AbstractScoringLayer¶
- class ampligraph.latent_features.layers.scoring.AbstractScoringLayer.AbstractScoringLayer(*args, **kwargs)¶
Abstract class for scoring layer.
Attributes
Methods
__init__(k)Initializes the scoring layer.
call(triples)Interface to the external world.
compute_output_shape(input_shape)Returns the output shape of the outputs of the call function.
Returns the config of the layer.
get_ranks(triples, ent_matrix, start_ent_id, ...)Computes the ranks of triples against their corruptions.
- __init__(k)¶
Initializes the scoring layer.
- Parameters:
k (int) – Embedding size.
- call(triples)¶
Interface to the external world.
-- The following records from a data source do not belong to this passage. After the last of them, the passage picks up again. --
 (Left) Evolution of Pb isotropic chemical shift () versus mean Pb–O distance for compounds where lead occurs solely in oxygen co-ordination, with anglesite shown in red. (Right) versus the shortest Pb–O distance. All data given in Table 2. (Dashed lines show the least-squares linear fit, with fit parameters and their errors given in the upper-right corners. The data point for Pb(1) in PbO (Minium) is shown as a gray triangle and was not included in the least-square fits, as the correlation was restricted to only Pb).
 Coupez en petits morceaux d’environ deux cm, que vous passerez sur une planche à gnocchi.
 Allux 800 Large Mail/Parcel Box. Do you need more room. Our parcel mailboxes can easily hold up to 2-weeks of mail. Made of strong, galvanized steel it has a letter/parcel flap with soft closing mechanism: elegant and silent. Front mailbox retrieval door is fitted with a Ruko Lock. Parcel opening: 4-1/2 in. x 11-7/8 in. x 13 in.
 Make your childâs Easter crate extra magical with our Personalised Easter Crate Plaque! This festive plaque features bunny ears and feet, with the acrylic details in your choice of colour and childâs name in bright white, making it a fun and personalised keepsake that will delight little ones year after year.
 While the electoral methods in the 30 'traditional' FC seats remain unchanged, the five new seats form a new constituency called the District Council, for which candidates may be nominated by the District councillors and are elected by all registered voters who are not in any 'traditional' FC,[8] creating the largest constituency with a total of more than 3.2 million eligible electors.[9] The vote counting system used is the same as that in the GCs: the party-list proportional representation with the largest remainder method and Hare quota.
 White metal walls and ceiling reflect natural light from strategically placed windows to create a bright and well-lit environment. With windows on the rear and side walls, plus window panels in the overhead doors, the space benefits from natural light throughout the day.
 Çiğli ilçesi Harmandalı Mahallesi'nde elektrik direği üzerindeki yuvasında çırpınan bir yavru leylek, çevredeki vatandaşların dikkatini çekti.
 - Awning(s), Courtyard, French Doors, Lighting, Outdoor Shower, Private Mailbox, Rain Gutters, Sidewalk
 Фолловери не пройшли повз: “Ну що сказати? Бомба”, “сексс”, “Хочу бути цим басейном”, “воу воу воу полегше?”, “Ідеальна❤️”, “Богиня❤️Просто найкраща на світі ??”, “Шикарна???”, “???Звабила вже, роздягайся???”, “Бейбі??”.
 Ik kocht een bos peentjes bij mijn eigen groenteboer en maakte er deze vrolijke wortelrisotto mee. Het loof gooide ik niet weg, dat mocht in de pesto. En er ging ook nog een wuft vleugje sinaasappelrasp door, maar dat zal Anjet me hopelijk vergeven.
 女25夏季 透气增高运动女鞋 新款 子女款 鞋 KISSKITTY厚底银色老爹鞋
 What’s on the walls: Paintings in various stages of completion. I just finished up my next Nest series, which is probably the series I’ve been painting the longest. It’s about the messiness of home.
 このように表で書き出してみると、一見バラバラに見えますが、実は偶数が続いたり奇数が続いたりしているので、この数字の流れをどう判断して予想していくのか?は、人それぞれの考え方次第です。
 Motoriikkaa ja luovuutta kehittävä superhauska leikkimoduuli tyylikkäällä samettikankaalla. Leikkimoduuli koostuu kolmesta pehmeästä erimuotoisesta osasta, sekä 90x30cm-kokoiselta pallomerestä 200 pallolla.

Computes the scores of the triples.
- Parameters:
triples (array-like, shape (n, 3)) – Batch of input triples.
- Returns:
scores – Tensor of scores of inputs.
- Return type:
tf.Tensor, shape (n,1)
- compute_output_shape(input_shape)¶
Returns the output shape of the outputs of the call function.
- Parameters:
input_shape (tuple) – Shape of inputs of call function.
- Returns:
output_shape – Shape of outputs of call function.
- Return type:
tuple
- get_config()¶
Returns the config of the layer.
A layer config is a Python dictionary (serializable) containing the configuration of a layer. The same layer can be reinstantiated later (without its trained weights) from this configuration.
The config of a layer does not include connectivity information, nor the layer class name. These are handled by Network (one layer of abstraction above).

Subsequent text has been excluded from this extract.